Les mécanismes de jeu de MWLL est identique à MechWarrior 2/4 à l'exception du salvage, de la customisation des BattleMechs (tonnage, armure, armes). MAIS, les prochaines Beta nous permettront de modifier l'armement.

----------


## Zevka

Et y a des nouvelles de la distribution gratuite prévue de Mechwarrior 4 ? (http://battletech.catalystgamelabs.c...attletech-com/)

----------


## Nilsou

Le mods a l'air vraiment sympa, la map peut être un peu grande en comparaison de la vitesse des mech (le temps pour atteindre le champ de bataille a l'air un peu grand) mais le jeux et la baston en elle même a l'air vraiment cool.

Bref, un très grand potentiel je pense, mais ne pas se presser de sortir la version finale, c'est souvent les petits détails et le paufinage finale qui fait passer un grand jeu/mods du stade de "cool" à "grand classique" 

Donc mon conseils : prenez votre temps pour le finir.

edit: glup le mod fait 1.4 Go.... ha ouais , ya du boulot d'abattu en effet.

----------


## nephyl

Vraiment un mod magnifique. Il reste plein de chose à régler mais c'est déjà un régal.

----------


## Warzlouf

Le moteur de Crysis est fabuleux, et ce mod va peut-être ma faire réinstaller ce jeu que j'ai fini depuis belles lurettes.

----------


## Ornithorix

Je vais attendre la prochaine version.
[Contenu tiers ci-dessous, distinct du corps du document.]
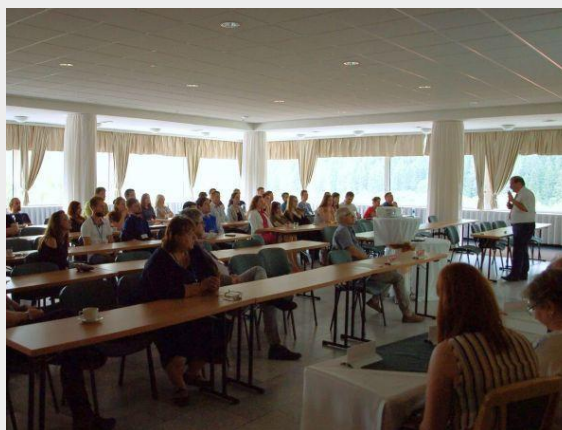
Obr. 4., 5. – Jarná internacionalizovaná škola doktorandov UPJŠ, Liptovský Ján
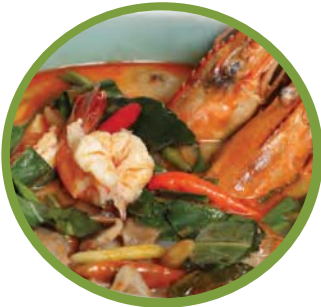
ต้มยำกุ้ง
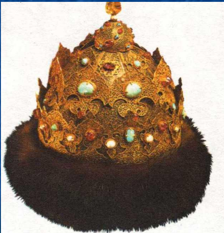
Шапка казанская – корона Ивана Грозного

16 января 1547 г. состоялась торжественная церемония – венчание на царство. Царский титул Ивана IV «Царь и Великий князь всея Руси и Московского государства» был официально подтвержден константинопольским Патриархом.

J'arrete pas d'avoir des plantages-ecran bleu-reboot en pleine partie ou quand je quitte ::|:

----------


## afterburner

Putain Mechwarrior, que de souvenirs avec le 3 et 4e opus, a bord de mon Shadowcat hypergonflé a la téstostérone...De supers souvenirs, le mod a l'air de vachement bien retranscrire le feeling des jeux!

----------


## half

Mais sans la customisation ca doit etre un peu moins interessant...

----------


## Mouflon

Il est super ce mod, j'y avais passé quelques bonnes heures l'année dernière.
Je voulais m'y remettre mais dans la version actuelle il y a un système de mappage des touches qui marche pas chez moué: 
J'ai beau configurer, sauvegarder le profil, faire tout bien comme il faut , je suis toujours obligé d'avancer avec "w" au lieu de "z" ce qui est bien relou.

Quelqu'un a réussi à y configurer son clavier? Il serait prêt à me dire comment qu'il a fait?

Edit:  :tired:  Mouais, je sais pas ce que ce sujet fait dans cette sous section du forum, je vais voir ailleurs...

----------